Mendengar gelak tawa Kyoung Jae yang hampir memenuhi setiap penjuru taman yang sepi, tentu membuat Opuri menahan senyum geli.
“Lalu, apa yang kau lakukan di sini? Tidak mungkin kau sedang liburan, sekarang musim ujian. Dan bagaimana kau bisa dapat alamat juga nomorku?”
“Aku minta ujian susulan. Memohon serta menulis surat perjanjian bahwa nilaiku akan di atas semester lalu. Sudah kukatakan, aku memiliki Kinan. Dia bocah cerdas dalam hal mencari tahu tentang jejak orang lain. Dan…aku hanya ingin tahu, apa kau ingin menjadi pasangan hidupku sampai di kehidupan selanjutnya?”
Diam namun, anggukkan pelan Opuri memastikan seluruh jawaban dari harapan seorang Kim Kyoung Jae yang langsung mendaratkan kecupan singkat di pipi kanannya.
“Tanganmu dingin,” ujar Opuri.
“Iya. Makanya, aku selalu ingin dekat denganmu. Kau memiliki hati, tatapan juga tangan yang hangat,” kata Kyoung Jae tulus, “jadi, kenapa kau tidak ingin kuliah di Seoul sementara, kau tahu
kalau aku akan kembali ke sana?” omelnya kemudian.
“Aku suka Disneyland, pergi berapa kali pun aku tidak pernah bosan dan aku suka sushi. Aku hanya pernah berjanji pada diri sendiri, saat mungkin kita tidak bertemu, aku akan ke Seoul untuk menyapamu setelah menyelesaikan studi di sini.”
“Tapi, sekarang kita bertemu.”
“Karena itu aku sekarang bersyukur, sebab pertemuan sekarang tidak akan membuatku menyesalinya dikemudian hari. Terima kasih.”
“Kau tahu tentang keadaanku sejak kita pertama kenal. Hanya ingin tahu sekali lagi, apa mungkin kau melakukan semua ini karena kasihan?”
“Kau main basket dengan baik, latihan taekwondo dengan begitu giat, dan berlari ke sana kemari tanpa sedikitpun merasa lelah.

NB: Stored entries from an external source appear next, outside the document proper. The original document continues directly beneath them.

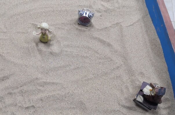 Демовизия практики На сессии психолог (далее супервизантка), заканчивающая обучение на долгосрочной программе. Для сертификации необходимо написать сертификационную работу с описанием трех случаев долгосрочной терапии. Испытывает сильное сопротивление и никак не может приступить к написанию данной работы. Запрос на супервизию: Разобраться, что за сопротивление? Что останавливает? Ψ Супервизор предлагает: «Выбери все, что тебе откликается на твой запрос и создай композицию в песочном подносе». Девочка - это супервизантка. Сова с кипой книг - это кейсы. Часы - это препятствие. Больше всего внимания к часам. Отношение к своей фигуре: «с одной стороны - рада, что девочка, с другой - осознаю свой возраст в терапевтической практике. Как будто, она не способна написать такие «труды»». Фигура углублена в песок: хочется больше опоры. Образ «Сова с кипой книг» - вызывает много чувств, потому что книги толстые и символизируют сертификационную работу: нужно много знать, все-все скомпоновать, сдела
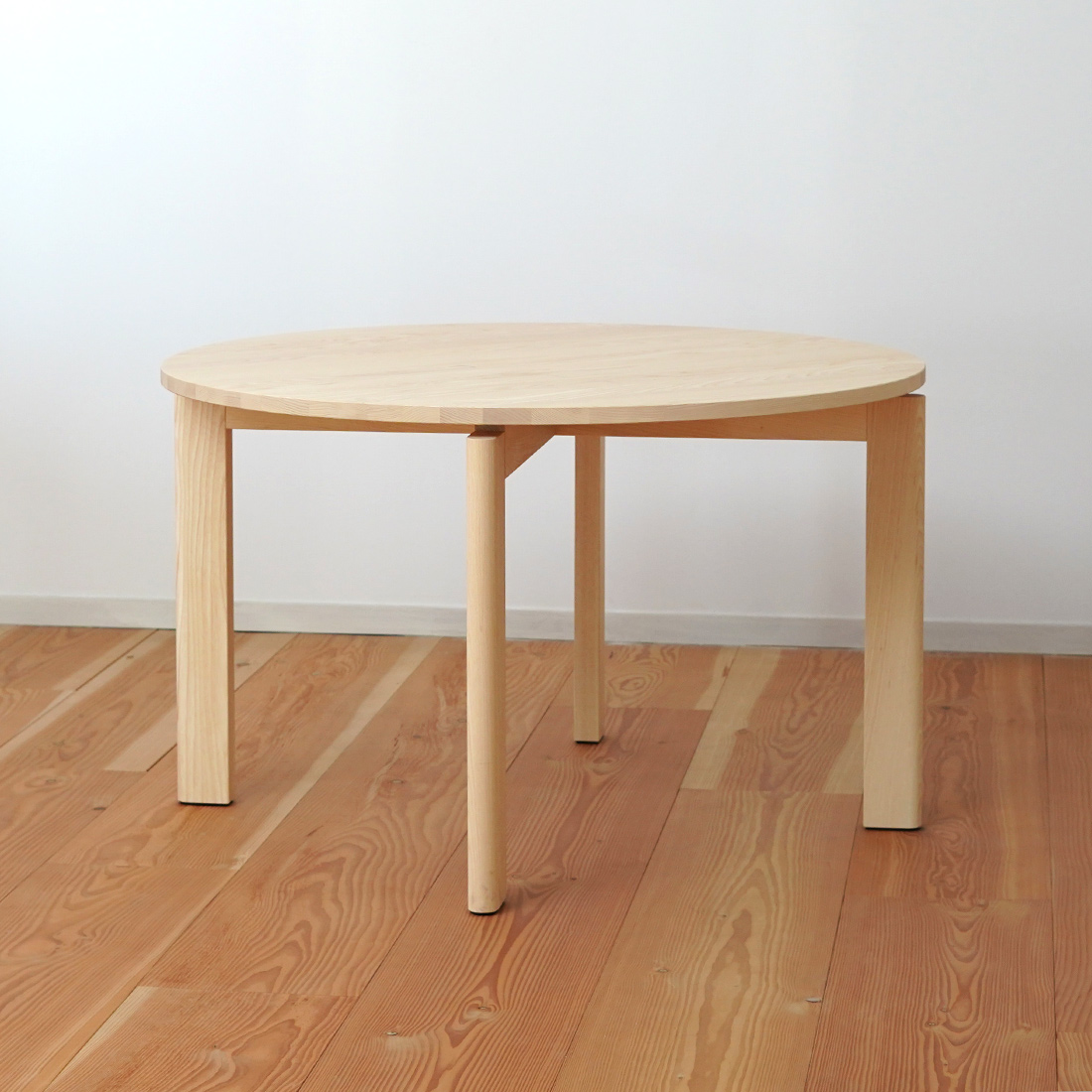 一人で過ごす静かな時間は、手元に広がる無垢材の余白が、そのまま心地よい開放感に。二人でテーブルを囲むときは、円形ならではの角のない構造が、自然と会話を中心に導いてくれます。直径120cmは、大人4人が無理なく座れるサイズ設計。
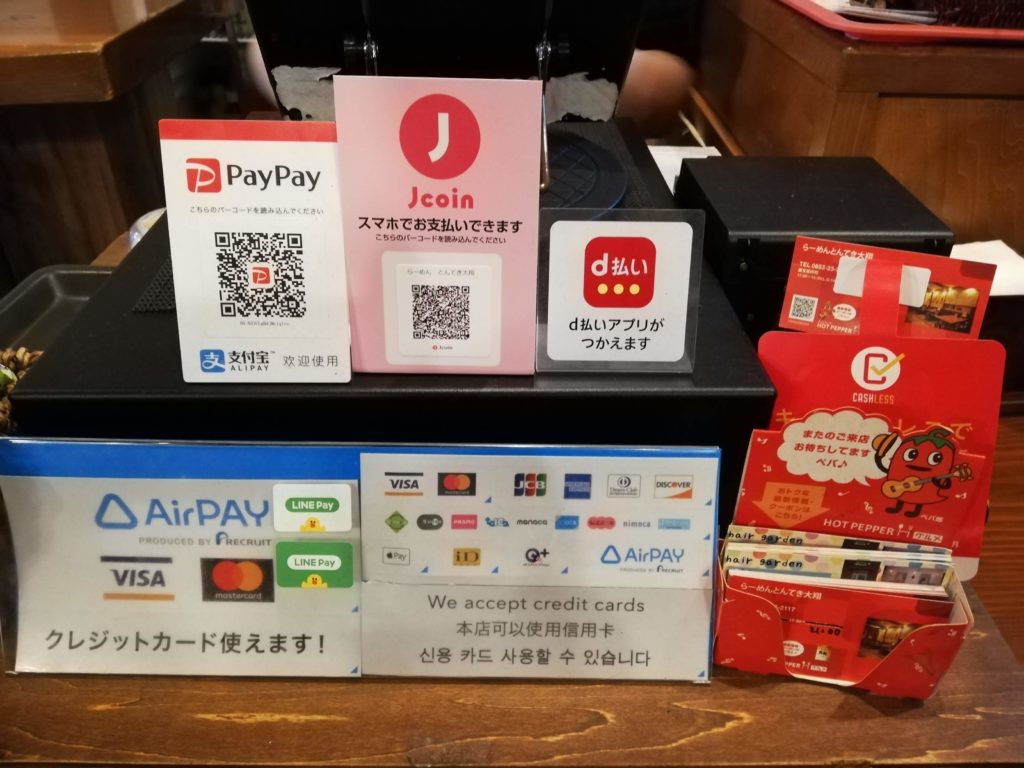 ラーメン屋さんではめずらしく、各種クレジットカードやキャッシュレスに対応しています。
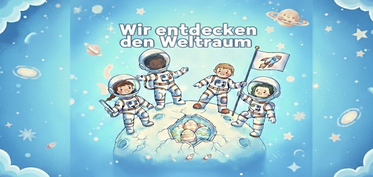 Die Kinder erwarten kreative und spielerische Aktivitäten rund um das Sonnensystem und den Weltraum, eine galaktische Backwerkstatt, einen Ausflug ins Haus der Geschichte nach Bonn und natürlich darf die traditionelle Eiersuche nicht fehlen.
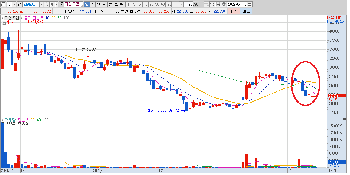 마인즈랩은 신규상장주로서 2021년 11월에 상장을 하고 전고점 밑에서 움직이는
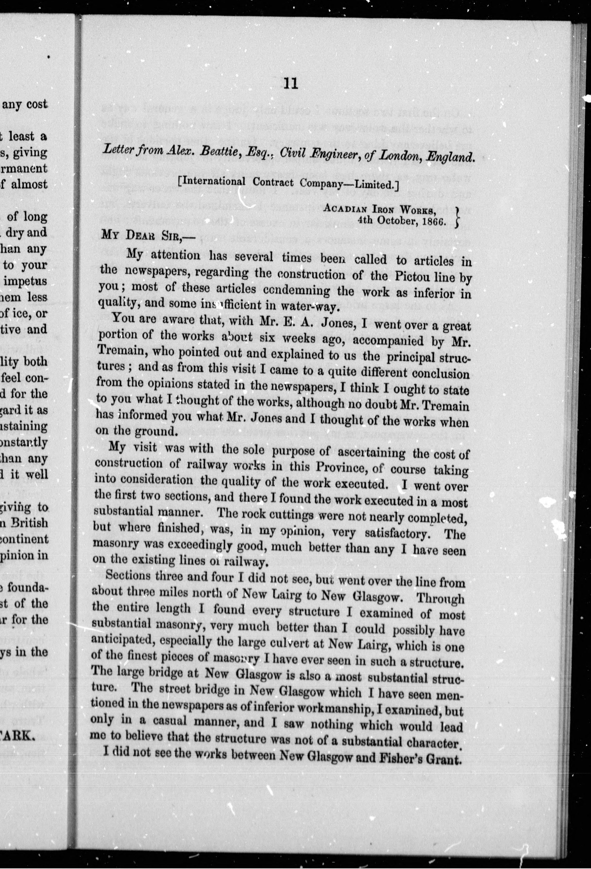 Opening of the Pictou railway, Nova Scotia : observations, correspondence, &c. submitted by Sandford Fleming, civil engineer, May 31st, 1867.
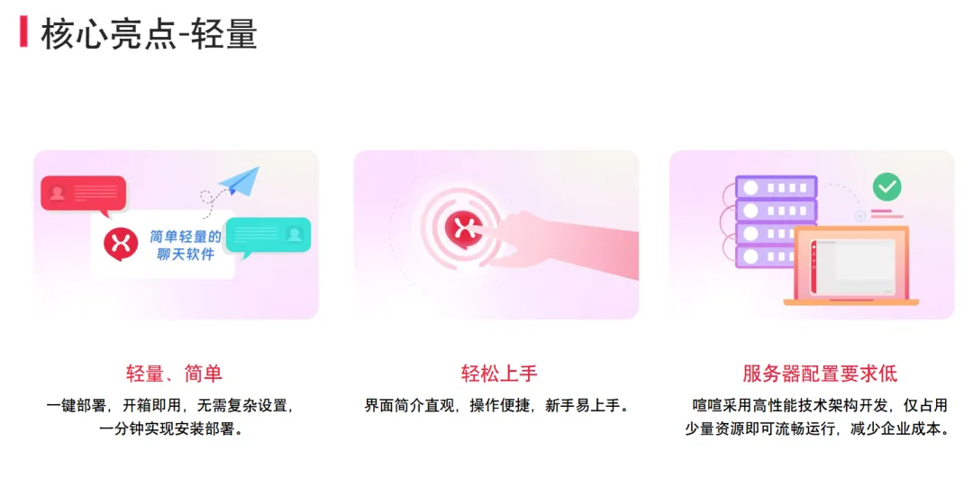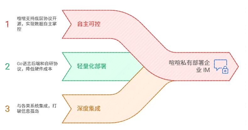 第二看资源投入产出。不想承担高额硬件和运维成本的企业,轻量化的喧喧比重型私有化 IM 更具实用性。
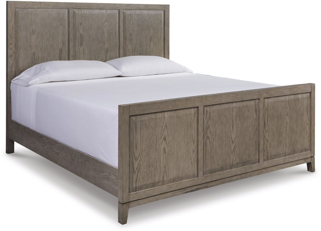 Its headboard and footboard are dressed in a waxy gray finish, while raised panels provide an understated twist to the streamlined design.
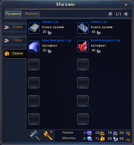 Рецепты на создание вещей при уровня Оружейника 3 и выше приобретаются у специальных НПС на Базе гильдии. Там же можно приобрести Сплав и Кристалл духа.
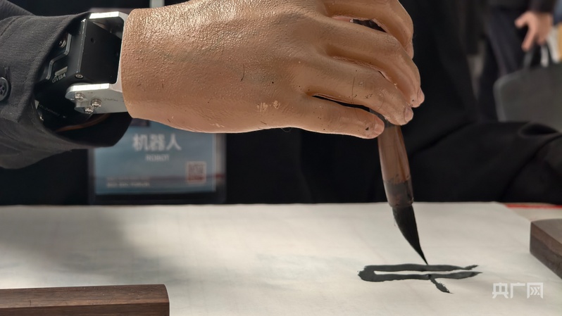 佩戴“工牌”的機器人(央廣網記者 朱冠安 攝)
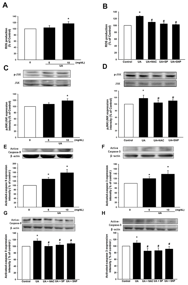 Figure 3: Uric acid induces ROS and active caspase 3, 9 through JNK pathway. Cells were cultured and analyzed under different uric acid concentrations (0, 5, 10 mg/dL) and in the absence or presence of SNP (NO donor), NAC (antioxidant) and SP (SP600125, JNK inhibitor). (A, B) ROS production of EPC was assessed by staining with DCFH-DA. (C, D) Expression of JNK phosphorylation protein levels was assessed by western blot analysis. (E, F, G, H) Expression of active caspase-9 and caspase-3 protein levels was assessed by western blot analysis. Data are mean ± SEM; n=4; * P < 0.05 versus control; # P < 0.05 versus high-level uric acid (10 mg/dL).
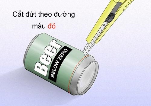 Bước 2: Bạn lấy bút vẽ một đường vòng quanh đáy lon rồi dùng dao rọc giấy cắt theo đường đã vẽ. Phần trên lon bạn cũng cắt tương tự nhưng chừa lại gần phần lỗ một đoạn ngắn khoảng 2-3cm.

Bagaimana mungkin aku kasihan melihat bocah bar bar sepertimu.”
Mendengar celotehnya, Kyoung Jae pun tersenyum geli.
“Terima kasih karena telah melihatku sebagai pria sempurna.”
“Ng…terima kasih juga karena telah melihatku sebagai wanita yang baik.”
Tidak ada kata yang bisa menggambarkan rasa bahagia sepasang muda mudi yang tengah dilanda asmara. Hanya saja, jika itu bertahan lebih lama, mungkin akan terasa hangat bagi semua orang.
Untukmu kekasihku, untuk segala kebahagiaan yang selama ini telah kau ciptakan, untuk seluruh sakit yang telah berusaha kau lawan. Kau hebat, terima kasih telah terlahir ke dunia dengan senyum dan cintamu.
Terima kasih…untuk hidupmu selama 7,012 hari.